Dean arrives at a bar where he summons Death (Julian Richings), asking the Pale Horseman to kill him as the Mark is affecting him severely, using a smorgasbord of junk food as enticement. Death refuses, stating that he can't kill Dean without the Mark being passed over to someone else. He tells him that before the time, there was a being called The Darkness. God and his archangels managed to lock it away in a prison with the Mark acting as a lock and God entrusted it on Lucifer. But the Mark corrupted Lucifer, which caused him to transfer it to Cain, and then to Dean. As Dean says he won't pass the Mark, Death says he can relocate Dean to a place where he will do no harm if he kills Sam so he doesn't rescue him.

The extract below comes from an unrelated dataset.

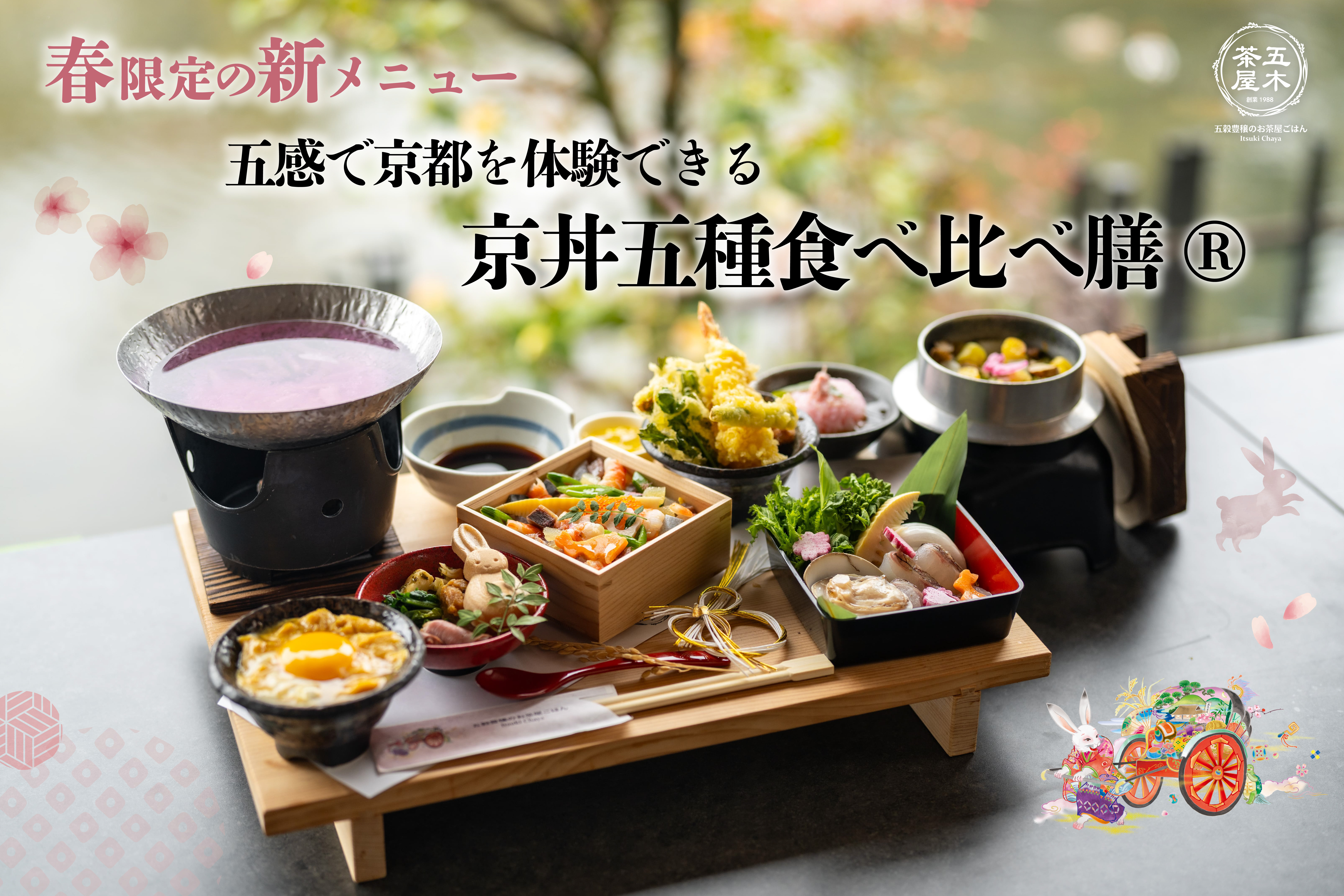 【2026年春】五穀豊穣のお茶屋ごはん(R)︎ 五木茶屋 嵐山本店にて、五感で京都の春を体験する新たな京丼「春の京丼五種食べ比べ膳(R)︎」が新登場!

Dean calls Sam to say goodbye and tells Sam that the world would be better without them trying to protect it, citing Charlie's death. They fight over the difference and Dean finally beats Sam. Dean then takes the Death's scythe to kill Sam. Sam manages to show Dean his importance in family and all his memories. At the last moment, Dean instead kills Death with the scythe, who crumbles into dust. Crowley brings Oskar with Castiel and Rowena, who sadly kills Oskar to complete the spell. The spell causes a lightning bolt to finally erase the Mark of Cain from Dean's arm.

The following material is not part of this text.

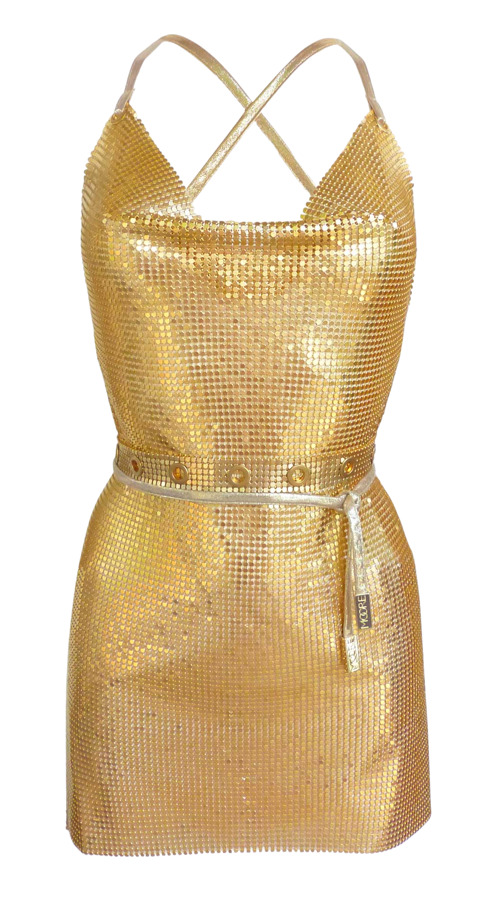 The Elysia Belted Dress Gold features a stylish cowl neckline, cross straps at the back, and a deep open-back design. With side slits and a mini length, this dress is adaptable for any event. Made from recycled aluminum, it promotes sustainability while being hypoallergenic and resistant to tarnishing and rust. A chic, long-lasting investment for your wardrobe!

Rowena takes the Book of the Damned and immobilizes Crowley and Castiel. In revenge for making her kill Oskar, she casts a spell on Castiel, causing him to attack an immobile Crowley. As Sam and Dean leave the bar, lightning begins striking multiple places in the ground, causing columns of black smoke to roll into an enormous force, The Darkness. They try to leave in the Impala, only to be stuck in a pothole. The season ends as The Darkness overruns the Impala, with Sam and Dean inside.

== Reception ==

=== Viewers ===
The episode was watched by 1.73 million viewers with a 0.7/2 share among adults aged 18 to 49. This was a 2% decrease in viewership from the previous episode, which was watched by 1.75 million viewers. This means that 0.7 percent of all households with televisions watched the episode, while 2 percent of all households watching television at that time watched it. Overall, the tenth season of Supernatural averaged 2.48 million viewers, ranking 156th out of 188 shows. This marked a 12% decrease from the previous season, which averaged 2.81 million viewers.

=== Critical reviews ===

"Brother's Keeper" received acclaim. Amy Ratcliffe of IGN gave the episode a "great" 8.8 out of 10 and wrote in his verdict, "The Mark of Cain business is finally resolved. That alone is worth celebrating, but its removal had unexpected consequences with the death of Death and the unleashing of the Darkness. While it's disappointing that no one else mentioned the Darkness (like Cain), it sets up a big bad for Season 11 and the Winchesters need to unite against a common enemy right now and rebuild – after they get out from under that inky cloud."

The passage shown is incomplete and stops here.